Monday, Monday so good to me

When Mood Music
2006-04-24 01:09:00

Well, this morning’s been a success so far.

Suriya cooked quick-style dosa and chatni. (These dosa are made by mixing wheat-flour and water, then frying the resultant batter straight away. Normally she would grind rice and urid dahl to make a flower, then soak that for 8 hours to get the starch grains to behave. The chatni was ground channa dahl, chilli, garlic, a bit of onion and water.) The dosa are a lot more spongy and not so nice as normal dosa but I’m not complaining about being fed and watered so well.

I got a shared taxi to Margao – one of a fleet of huge yellow-and-black Ambassador cars that seem to be 50 years old, hold 9 people in very cramped conditions and ply a trade back and forth between Margao and its hinterland. It’s not quite public transport but it apart from being privately-owned (as are many of the bus services here), it seems just as good. It cost the same as the bus (8 rupees) and dropped me at the central square, just where I needed to be.

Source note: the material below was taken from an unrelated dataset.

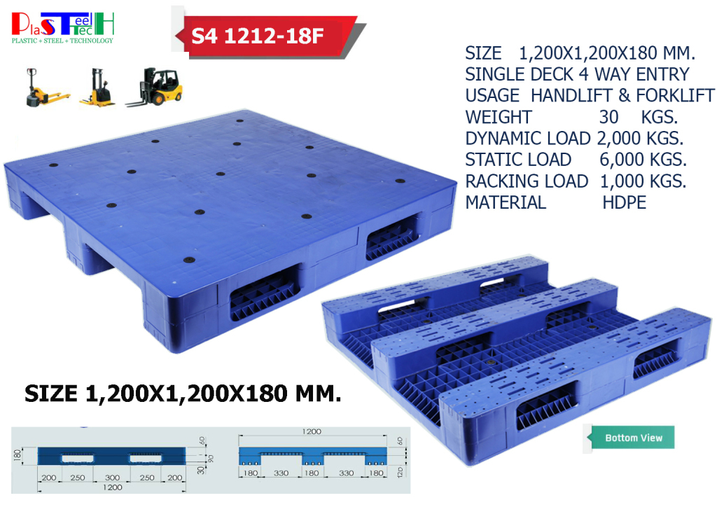 1,200×1,200×180 mm พาเลทพลาสติก หน้าเรียบ ขา E

A quick walk took me to the post office where I found I didn’t have enough money to pay for the service I wanted. By now it was 10am and I wanted to make sure I got seen – the traffic noise and my deafness were making me irritable and intolerant even of queuing to buy stamps. I trudged to the hospital and went first to the ENT building. There I was told that I should go to find reception but there was no reception office in the area I was told to go to. However, I as near the emergency bit and when the doctor there was free, asked him how I could be seen. He told me where the reception office really was and that I would need to get a case paper (the green forms I’d seen people carrying), then go back to the ENT building.

So I queued at the reception bit, got my form and paid 20 rupees. The form has fields for

Name
Age
Religion
Marital status
Occupation
Place of Occupation
Address
Father/Husband/Guardian’s name.

I wonder what they thought of me being a separated, unemployed atheist?

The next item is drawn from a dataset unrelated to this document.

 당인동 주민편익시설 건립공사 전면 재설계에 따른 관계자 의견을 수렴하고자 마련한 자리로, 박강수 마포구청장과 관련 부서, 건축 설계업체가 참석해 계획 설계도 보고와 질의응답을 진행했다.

At the ENT building, I was told to give my firm to a sister who transcribed my details from my form into a log-book then told me to wait for the doctor to arrive. I think I waited about half an hour before someone told me that the doctor had arrived and that I should queue at his door. The queuing system is a bit wierd – we were admitted to the surgery in the order we were entered in the sister’s log-book with the patient who is next in line to be seen waiting inside the surgery, looking at what is happening to the patient actually being treated.

The doctor used a pump to remove the blockage – this left me feeling a little bruised but I almost cried with relief – it’s so wonderful to be able to hear again. He told me that the blockage was all ‘dirt’ (presumably sand) rather than ear-wax. I’m now aware of some build-up in my right ear but I can hear, I can think, I can have a life – it’s wonderful! The doctor very enthusiastically told me that Indian doctors are best – well-trained and free. He’s been to the UK once – a stopover on his way to Houston where he trained. Just in case you need an ENT specialist, here’s his details:

Dr P D NACHNOLKER MBBS, DORL, FCPS MS (BOM)
SR ENT SURGEON
HOSPICIO HOSPITAL (DHS Govt Goa)
Ex Regist SION-KEMO-WADIA-BHAGWATI Hosp (BOM)
Ex Observer MD Anderson Hosp Texas (USA)
Ex ENT SP King Khaled Univ Hosp (S Arabia)

I guess he’s never encountered the UK’s NHS – long may she prosper!

I’ve also been into a couple of cellphone shops – they either don’t have the sort of phone I’d want (cheap tri-band that will take my vodaphone contract SIM) or offer contract phones that only work in Goa. Aarrgghh.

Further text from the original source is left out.